« De la neige en hiver | Deux poids et deux mesures » |
Je fais actuellement des prestations techniques dans un laboratoire de recherche. À mes trop peu moments perdus, il faut aussi que je m'occupe de stagiaires. Certaines fois, j'ai de la chance, il s'agit presque d'êtres humains normalement constitués, c'est-à-dire avec deux bras, deux jambes et un cerveau pour signifier qu'ils existent. D'autres fois, je n'ai pas de chance. C'est le cas actuellement.
Si en septembre dernier, un stagiaire est parti de mon bureau pour voguer vers de nouvelles aventures en me disant merci pour ce qu'il avait appris — c'est bien la première fois que cela m'arrive —, j'ai hérité depuis de stagiaires disons médiocres pour rester poli. Je ne prétends pas qu'un stagiaire doive être opérationnel. S'il l'était, il ne serait plus stagiaire. En revanche, j'attends d'un stagiaire qu'il sache lire et écrire, s'il comprend ce qu'il lit c'est encore mieux, et qu'il soit présentable. À l'automne dernier, c'était une descente aux enfers et Dante n'était pas loin. J'en ai eu un qui avait tout compris de SQL et qui m'a fait dès que j'avais le dos tourné des requêtes SQL de cinq pages. Quand je vous aurai dit qu'une page est constituée de cinq mille signes, vous aurez compris pourquoi il me mettait à genoux un serveur pourtant parfaitement dimensionné.
Début février, j'en ai vu arriver un autre. La moindre des choses que l'on puisse objectivement dire est qu'il n'est pas en avance pour son âge. Admettons, tout le monde peut faire des erreurs d'orientation. Mais après avoir essayé de lui faire faire quelques menues choses durant un mois, je l'ai lâchement orienté vers un collègue qui, je pense, ne me remerciera jamais assez. Le stagiaire, au moins, devrait me remercier car si je n'avais pas réussi à m'en défaire, je pense que je l'aurais mis sur orbite à mains nues assez rapidement, voire que je lui aurais fait intégrer les règles d'accord du participe passé avec l'auxiliaire avoir et les verbes pronominaux à grands coups de Bled. Au sens propre, les coups. D'une hygiène douteuse, reniflant en permanence à tel point que je lui ai offert un paquet de mouchoirs en papier, il a beaucoup de mal avec le téléphone. Quant à sa compréhension de la chose écrite dans une langue que je ne puis qualifier autrement que d'être sa langue maternelle, je n'en parle même pas.

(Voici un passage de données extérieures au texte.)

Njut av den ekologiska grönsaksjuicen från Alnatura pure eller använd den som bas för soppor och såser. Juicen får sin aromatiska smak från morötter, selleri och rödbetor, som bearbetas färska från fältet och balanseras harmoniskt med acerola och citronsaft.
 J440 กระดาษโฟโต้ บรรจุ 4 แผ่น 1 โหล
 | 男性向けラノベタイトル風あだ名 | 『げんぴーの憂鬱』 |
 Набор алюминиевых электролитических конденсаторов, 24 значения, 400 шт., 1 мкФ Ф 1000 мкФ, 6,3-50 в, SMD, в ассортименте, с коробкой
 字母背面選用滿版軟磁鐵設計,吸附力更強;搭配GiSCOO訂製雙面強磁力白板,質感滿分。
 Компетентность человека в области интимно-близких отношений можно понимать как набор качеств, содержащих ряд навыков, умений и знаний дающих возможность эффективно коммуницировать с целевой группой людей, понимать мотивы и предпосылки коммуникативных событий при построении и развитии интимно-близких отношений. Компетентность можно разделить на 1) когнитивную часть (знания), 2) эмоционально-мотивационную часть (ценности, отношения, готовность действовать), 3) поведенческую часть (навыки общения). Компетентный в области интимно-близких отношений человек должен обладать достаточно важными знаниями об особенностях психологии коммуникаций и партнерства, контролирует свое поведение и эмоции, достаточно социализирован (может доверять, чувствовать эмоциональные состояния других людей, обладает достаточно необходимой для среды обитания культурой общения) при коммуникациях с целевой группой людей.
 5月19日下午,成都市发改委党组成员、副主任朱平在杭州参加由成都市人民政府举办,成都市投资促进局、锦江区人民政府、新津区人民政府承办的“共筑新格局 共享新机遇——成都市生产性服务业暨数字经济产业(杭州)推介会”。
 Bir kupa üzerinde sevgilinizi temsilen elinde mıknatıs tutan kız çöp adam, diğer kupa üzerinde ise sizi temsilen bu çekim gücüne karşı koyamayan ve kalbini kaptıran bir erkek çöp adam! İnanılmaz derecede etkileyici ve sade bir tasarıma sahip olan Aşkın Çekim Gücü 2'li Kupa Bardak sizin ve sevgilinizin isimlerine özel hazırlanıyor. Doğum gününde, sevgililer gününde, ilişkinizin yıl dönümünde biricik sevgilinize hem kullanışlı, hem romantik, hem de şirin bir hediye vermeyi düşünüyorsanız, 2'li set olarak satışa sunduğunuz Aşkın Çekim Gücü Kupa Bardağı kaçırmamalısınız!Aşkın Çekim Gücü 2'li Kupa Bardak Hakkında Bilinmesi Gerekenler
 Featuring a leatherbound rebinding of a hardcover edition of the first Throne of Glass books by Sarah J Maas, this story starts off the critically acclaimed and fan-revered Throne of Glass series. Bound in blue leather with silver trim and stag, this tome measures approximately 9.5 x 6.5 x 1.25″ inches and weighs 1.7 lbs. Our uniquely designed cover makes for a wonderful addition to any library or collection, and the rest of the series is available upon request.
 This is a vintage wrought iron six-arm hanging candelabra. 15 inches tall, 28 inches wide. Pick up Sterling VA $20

J'ai pour ma part arrêté d'enseigner il y a quelques années en écoles d'ingénieurs car les sciences dures n'ont plus les faveurs de ce jeune public. Des ingénieurs dits chargés d'affaires, on en forme par wagons entiers, mais l'esprit fantassin se perdant, il faut vraiment se lever de bonne heure pour trouver des jeunes ingénieurs faisant encore de la technique. J'ai comme l'impression que d'ici quelques années, nous allons avoir un problème. Que ferons ces fumeux (sic) chargés d'affaires s'il n'y a plus personne pour assurer in fine le travail ? Je ne sais donc pas, même si j'ai une petite idée, d'où vient ce défaut de formation. En tout état de cause, le niveau théorique des stagiaires qui arrivent devant moi est de plus en plus ténu. Mon vieux prof de math de spé aurait pu dire qu'il tend asymptotiquement vers zéro, c'est-à-dire qu'aussi loin qu'on regarde, il en restera toujours quelque chose. C'est le point de vu optimise d'une personne qui n'a pas à essayer d'en tirer quelque chose.

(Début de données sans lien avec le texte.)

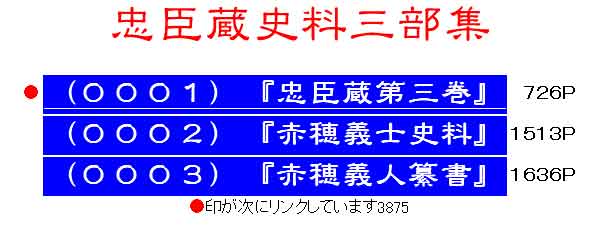 | 写真(2)は、忠臣蔵の重要史料三部作をリンクして情報処理化したものです。 (1)『忠臣蔵第三巻』をクリックします(1回目)。 |
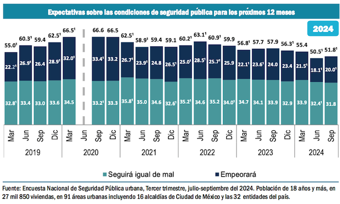 Las dos encuestas nacionales de Seguridad Pública Urbana corresponden al tercer trimestre, julio-septiembre, de 2019 y 2024, respectivamente.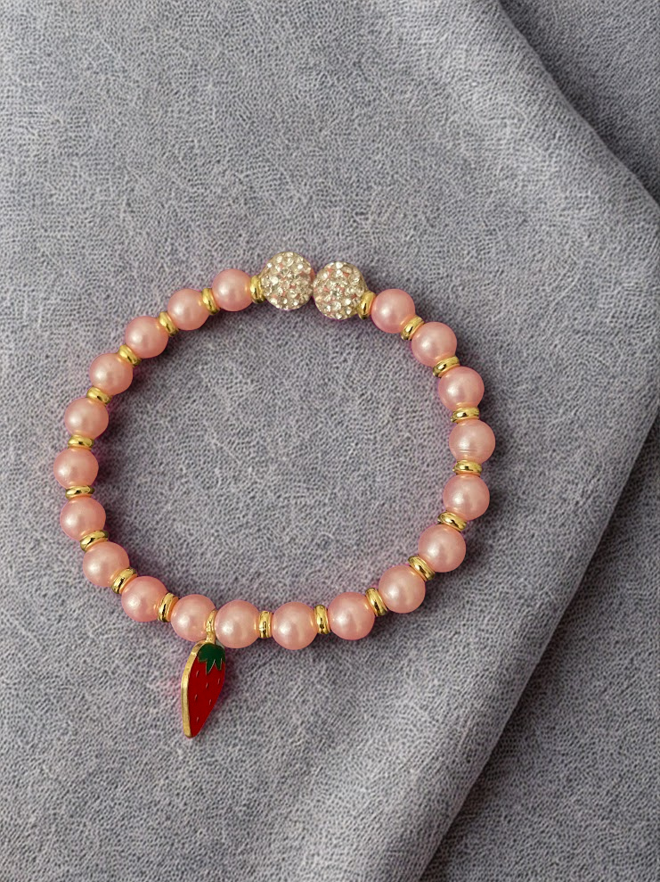 Strawberry Kiss Bracelet: Featuring glossy pink pearls accented with gold-tone spacers and a cute enamel strawberry charm, this bracelet brings a fun, fruity vibe to your wrist.

Cette baisse significative de niveau est pourtant assez récente. Il y a dix ans, j'arrivais à encadrer correctement trois stagiaires de licence professionnelle (BAC+3), un stagiaire ingénieur et deux thésards tout en faisant mon travail. Il suffisait de prendre un peu de temps tous les jours avec eux pour voir ce qui allait et ce qui n'allait pas et, le cas échéant, de remettre les choses sur les bons rails. Aujourd'hui, si je veux encadrer correctement un seul stagiaire, il faut que je sois sans cesse derrière lui à surveiller ce qu'il fait. Deux relève d'une mission impossible. Quant à leur utilisation d'internet, outre Tronche-livre® et Cuicui®, leur utilisation se résume à rechercher des réponses souvent fausses à des questions pourtant simples. Taper quelque chose dans un moteur de recherche est tellement plus reposant que de réfléchir un peu… Et on ne risque pas de se fouler un neurone !
D'un encadrement gratifiant, je suis aujourd'hui passé à quelque chose qui ressemble assez à l'idée que je me fais d'un garde-chiourme mâtiné d'une nounou. Je ne pense pas être payé pour cela.